BEGIN
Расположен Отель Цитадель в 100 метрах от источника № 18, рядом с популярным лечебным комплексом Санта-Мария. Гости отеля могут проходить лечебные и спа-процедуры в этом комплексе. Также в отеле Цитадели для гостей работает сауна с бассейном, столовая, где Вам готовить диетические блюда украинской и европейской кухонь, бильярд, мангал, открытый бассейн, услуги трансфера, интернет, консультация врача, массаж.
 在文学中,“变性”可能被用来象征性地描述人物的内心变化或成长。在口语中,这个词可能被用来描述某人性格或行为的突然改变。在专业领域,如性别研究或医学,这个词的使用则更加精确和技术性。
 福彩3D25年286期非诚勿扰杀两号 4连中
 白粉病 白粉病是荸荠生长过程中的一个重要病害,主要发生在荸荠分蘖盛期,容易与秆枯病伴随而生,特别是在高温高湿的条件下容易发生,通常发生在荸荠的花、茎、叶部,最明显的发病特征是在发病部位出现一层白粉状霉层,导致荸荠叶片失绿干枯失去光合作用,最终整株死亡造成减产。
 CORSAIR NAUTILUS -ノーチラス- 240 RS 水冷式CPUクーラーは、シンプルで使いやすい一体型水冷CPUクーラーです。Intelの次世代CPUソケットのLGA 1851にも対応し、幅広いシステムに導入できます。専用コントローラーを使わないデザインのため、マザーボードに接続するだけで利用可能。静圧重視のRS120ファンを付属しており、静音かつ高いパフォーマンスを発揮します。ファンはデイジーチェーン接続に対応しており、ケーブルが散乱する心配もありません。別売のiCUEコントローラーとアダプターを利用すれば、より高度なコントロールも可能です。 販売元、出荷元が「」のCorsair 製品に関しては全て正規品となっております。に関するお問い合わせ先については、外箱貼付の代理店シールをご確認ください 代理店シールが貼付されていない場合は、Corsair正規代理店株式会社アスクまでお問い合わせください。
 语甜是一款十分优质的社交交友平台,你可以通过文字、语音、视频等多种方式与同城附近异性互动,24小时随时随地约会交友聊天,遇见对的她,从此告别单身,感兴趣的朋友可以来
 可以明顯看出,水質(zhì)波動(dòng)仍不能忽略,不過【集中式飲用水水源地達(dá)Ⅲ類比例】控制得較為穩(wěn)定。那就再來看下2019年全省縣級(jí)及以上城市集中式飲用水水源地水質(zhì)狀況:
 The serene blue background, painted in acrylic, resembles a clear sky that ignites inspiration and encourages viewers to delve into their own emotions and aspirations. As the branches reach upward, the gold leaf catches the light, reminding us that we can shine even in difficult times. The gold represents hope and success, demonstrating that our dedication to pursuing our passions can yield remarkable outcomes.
END
■ **What the task requires**:
Starting with the first line of the entries, transcribe every line up to and including the one with "福彩3D25年286期非诚勿扰杀两号 4连中".

■ **Response to the exercise**:
Расположен Отель Цитадель в 100 метрах от источника № 18, рядом с популярным лечебным комплексом Санта-Мария. Гости отеля могут проходить лечебные и спа-процедуры в этом комплексе. Также в отеле Цитадели для гостей работает сауна с бассейном, столовая, где Вам готовить диетические блюда украинской и европейской кухонь, бильярд, мангал, открытый бассейн, услуги трансфера, интернет, консультация врача, массаж.
 在文学中,“变性”可能被用来象征性地描述人物的内心变化或成长。在口语中,这个词可能被用来描述某人性格或行为的突然改变。在专业领域,如性别研究或医学,这个词的使用则更加精确和技术性。
 福彩3D25年286期非诚勿扰杀两号 4连中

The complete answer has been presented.